🤖 AI Summary
This work addresses the lack of a unified benchmark in existing research on model collaboration, which hinders systematic evaluation of diverse collaborative strategies. To bridge this gap, we propose MoCo—a modular Python library that, for the first time, systematically integrates 26 collaboration methods, supporting multi-granularity information exchange at the levels of routing, text, logits, and parameters. MoCo incorporates 25 diverse evaluation datasets and provides an extensible framework for heterogeneous model collaboration alongside efficient analysis tools, thereby establishing model collaboration as a distinct research paradigm. Experimental results demonstrate that collaborative strategies outperform single-model baselines in 61.0% of (model, dataset) configurations, with the best-performing method achieving a performance gain of up to 25.8%, highlighting the substantial advantages of collaboration in complex tasks.
📝 Abstract
Advancing beyond single monolithic language models (LMs), recent research increasingly recognizes the importance of model collaboration, where multiple LMs collaborate, compose, and complement each other. Existing research on this topic has mostly been disparate and disconnected, from different research communities, and lacks rigorous comparison. To consolidate existing research and establish model collaboration as a school of thought, we present MoCo: a one-stop Python library of executing, benchmarking, and comparing model collaboration algorithms at scale.
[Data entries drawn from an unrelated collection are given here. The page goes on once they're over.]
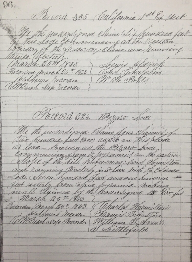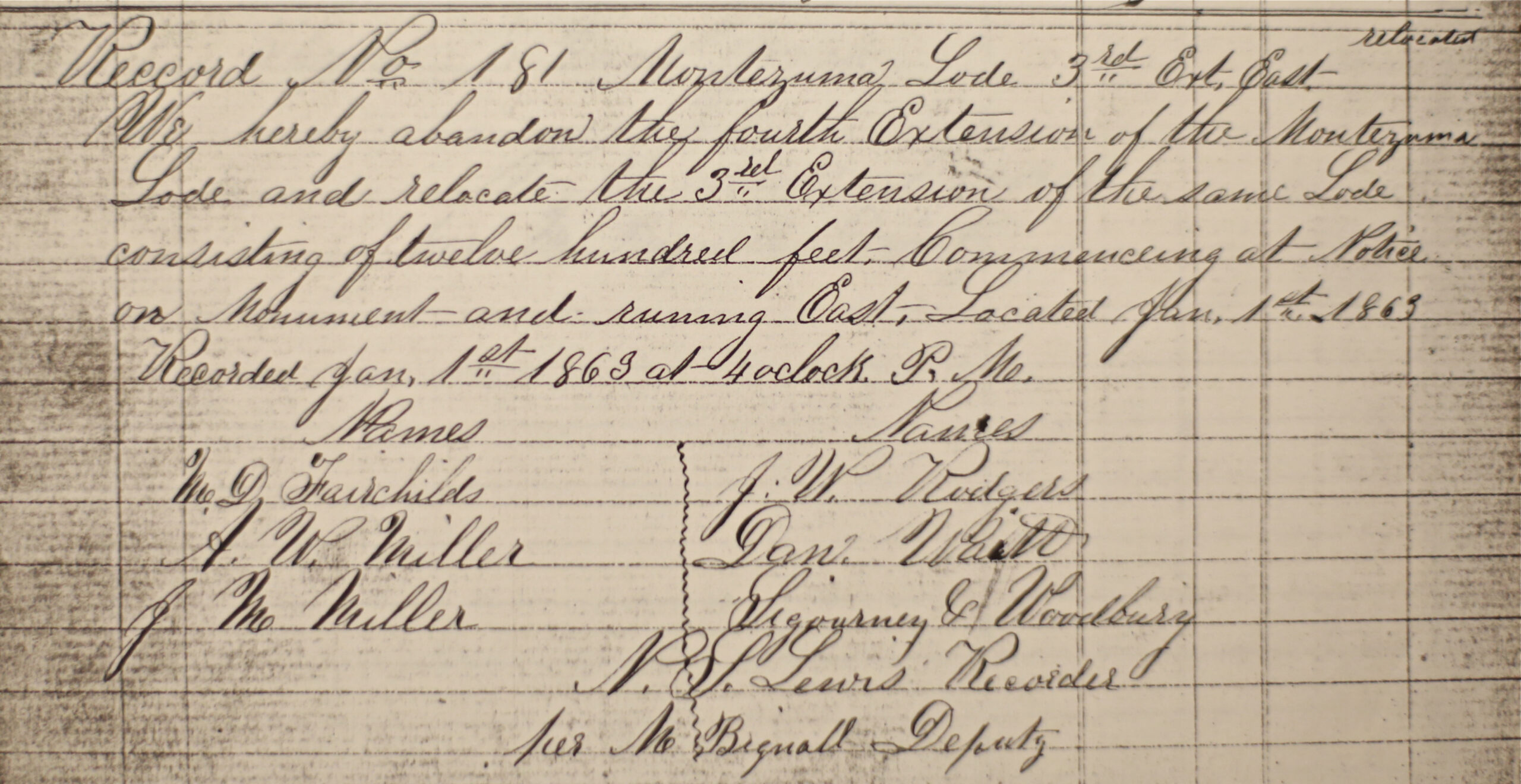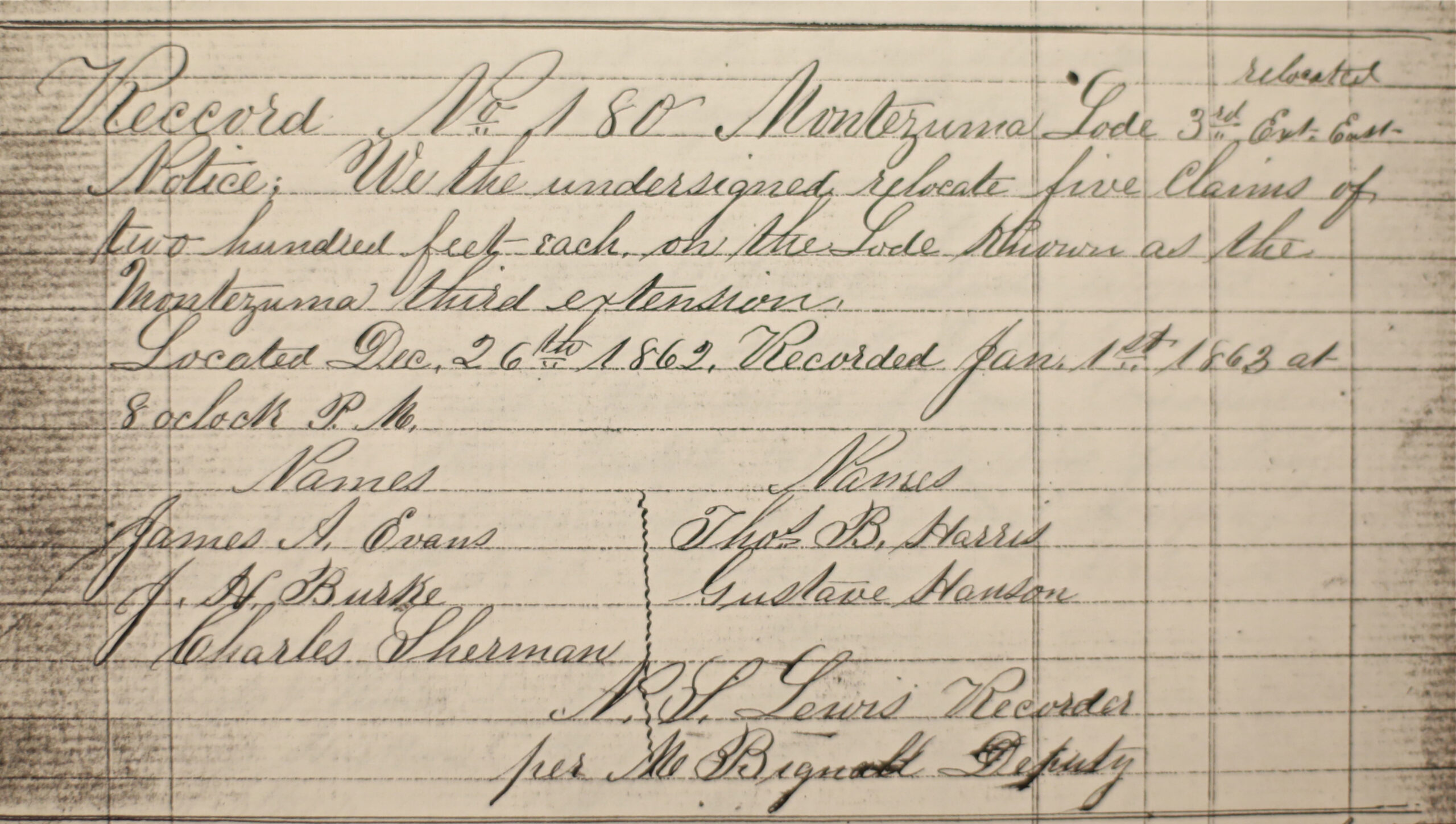 In 1907, Wesselhoft sold to Richard Hotaling, son of Anson P. Hotaling, Liquor Distributor of San Francisco, who patented the Montezuma Consolidated Mine Loding Claim in 1911.
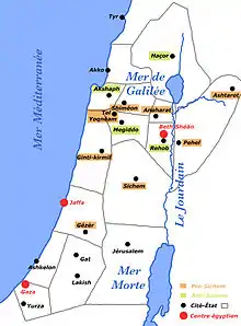 74. (en) S.Y. Ahituv, Canaanite Toponyms in Ancient Egyptian Documents, Jerusalem/Leiden, Magnes Press, , 214 p. (ISBN 965-223-564-4)
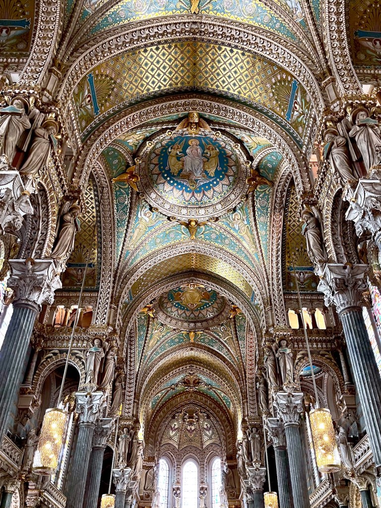 The interior of la Basilique Notre-Dame de Fourvière was reminiscent of another Italian town, Ravenna, and its world famous Byzantine mosaïcs.

MoCo features 26 model collaboration methods, spanning diverse levels of cross-model information exchange such as routing, text, logit, and model parameters. MoCo integrates 25 evaluation datasets spanning reasoning, QA, code, safety, and more, while users could flexibly bring their own data. Extensive experiments with MoCo demonstrate that most collaboration strategies outperform models without collaboration in 61.0% of (model, data) settings on average, with the most effective methods outperforming by up to 25.8%. We further analyze the scaling of model collaboration strategies, the training/inference efficiency of diverse methods, highlight that the collaborative system solves problems where single LMs struggle, and discuss future work in model collaboration, all made possible by MoCo. We envision MoCo as a valuable toolkit to facilitate and turbocharge the quest for an open, modular, decentralized, and collaborative AI future.